Lumbar radiculopathy may mimic the pain and disability associated with arthritis of the subtalar joint. In such patients, the ankle examination findings should be negative. Entrapment neuropathies, such as tarsal tunnel syndrome, and bursitis of the ankle also may confuse the diagnosis; both conditions may coexist with arthritis of the subtalar joint. Primary and metastatic tumors of the distal tibia and fibula and spine and occult fractures also may manifest in a manner analogous to arthritis of the subtalar joint.


Initial treatment of the pain and functional disability associated with arthritis of the subtalar joint should include a combination of nonsteroidal antiinflammatory drugs (NSAIDs) or cyclooxygenase-2 (COX-2) inhibitors and physical therapy. Local application of heat and cold may be beneficial. Avoidance of repetitive activities that aggravate the symptoms and short-term immobilization of the ankle joint also may provide relief. For patients who do not respond to these treatment modalities, an intra-articular injection of the subtalar joint with a local anesthetic and steroid may be a reasonable next step. Computed tomography (CT), fluoroscopic, or ultrasound guidance may be useful when performing injection of the subtalar joint if the anatomic landmarks are difficult to identify.

Complications and Pitfalls

Failure to identify primary or metastatic tumor of the ankle or spine that is responsible for the patient’s pain may yield disastrous results.

The major complication of intra-articular injection of the subtalar joint is infection. This complication should be exceedingly rare if strict aseptic technique is adhered to.

Approximately 25% of patients report a transient increase in pain after intra-articular injection of the subtalar joint, and patients should be warned of this possibility.

Clinical Pearls

Coexistent bursitis and tendinitis may contribute to ankle pain and may require additional treatment with more localized injection of a local anesthetic and depot steroid. Injection of the subtalar joint is extremely effective in the treatment of pain secondary to the causes of arthritis of the joint mentioned.

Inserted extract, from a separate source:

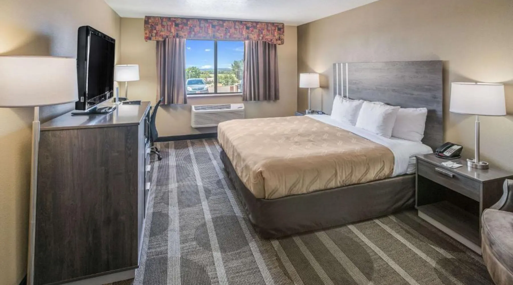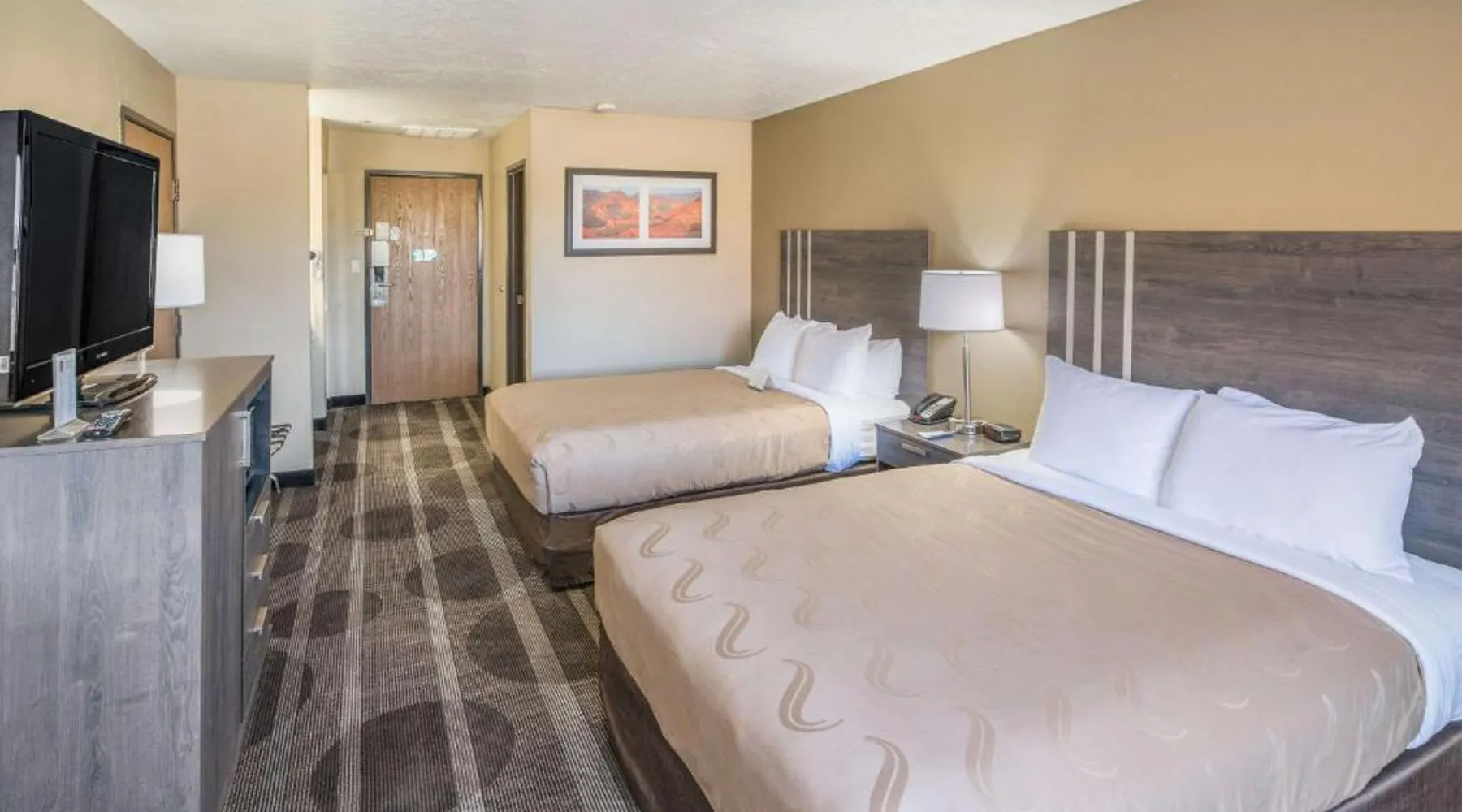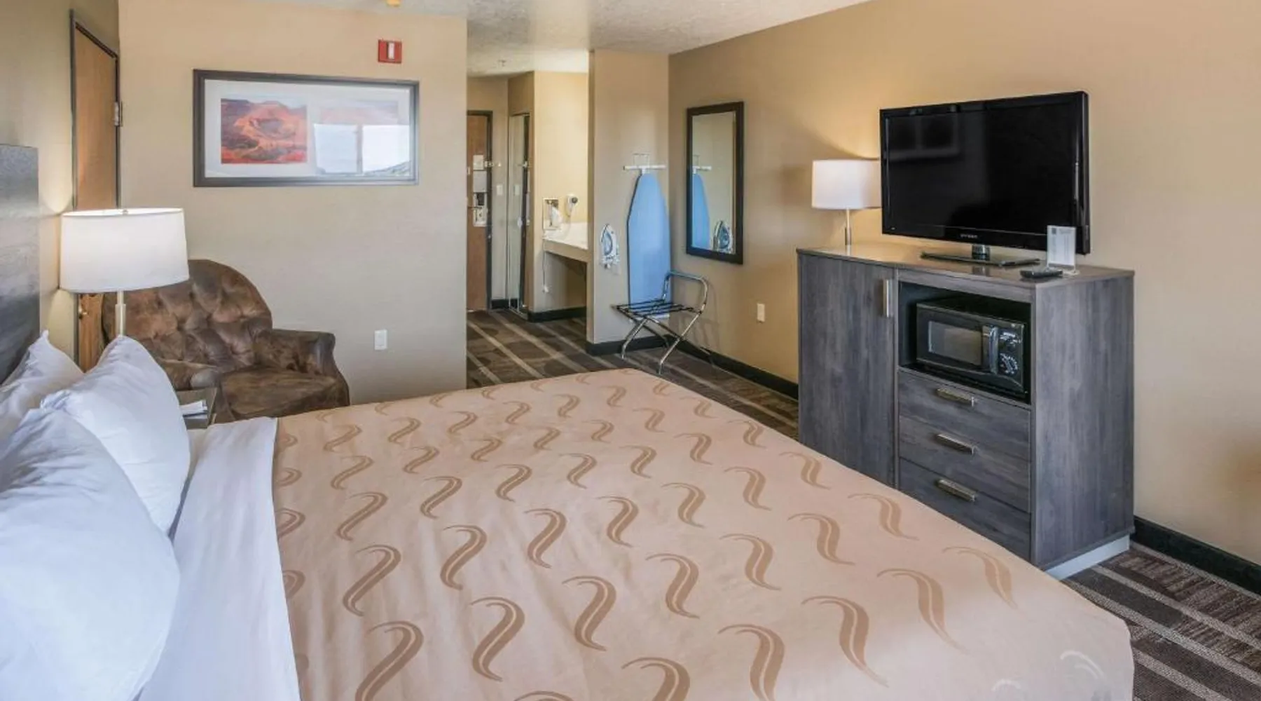 Quality Inn Kanab is located in the city of Kanab, located between Bryce Canyon National Park, the North Rim of Grand Canyon National Park and Zion National Park. This Kanab, UT hotel is a great place to stay for those who enjoy outdoor recreation. With so many diverse wilderness areas, national monuments and parks in the region, there's always something to do. Kanab is located in Kane County and is often called Little Hollywood because so many movies have been filmed in the area. Several exciting festivals and events are hosted throughout the year. If visiting in August, don't miss the annual Western Legends Roundup celebration, the world's only cowboy poetry rodeo competition. Guests of this Kanab, UT hotel can enjoy amenities and features like free wireless high-speed Internet access, free coffee, free local calls and it is a pet-friendly hotel (additional fees apply). Enjoy our free hot breakfast featuring eggs, meat, yogurt, fresh fruit, cereal and more. After a busy day of sightseeing and adventure, relax in the outdoor pool and hot tub. Access to copy and fax services is offered. Laundry facilities are located on the premises for your added convenience. All guest rooms of this Utah hotel have coffee makers, curved shower rods, desks, hair dryers, irons, ironing boards and cable television. In addition, some rooms come equipped with microwaves and refrigerators. Ask about rooms with whirlpool bathtubs. Nonsmoking rooms can be requested. The double room offers a tea and coffee maker and heating. The unit has 1 bed.

This technique is a safe procedure if careful attention is paid to the clinically relevant anatomy in the areas to be injected.

The use of physical modalities, including local heat and gentle range-of-motion exercises, should be introduced several days after the patient undergoes this injection technique for ankle pain. Vigorous exercises should be avoided because they would exacerbate the symptoms.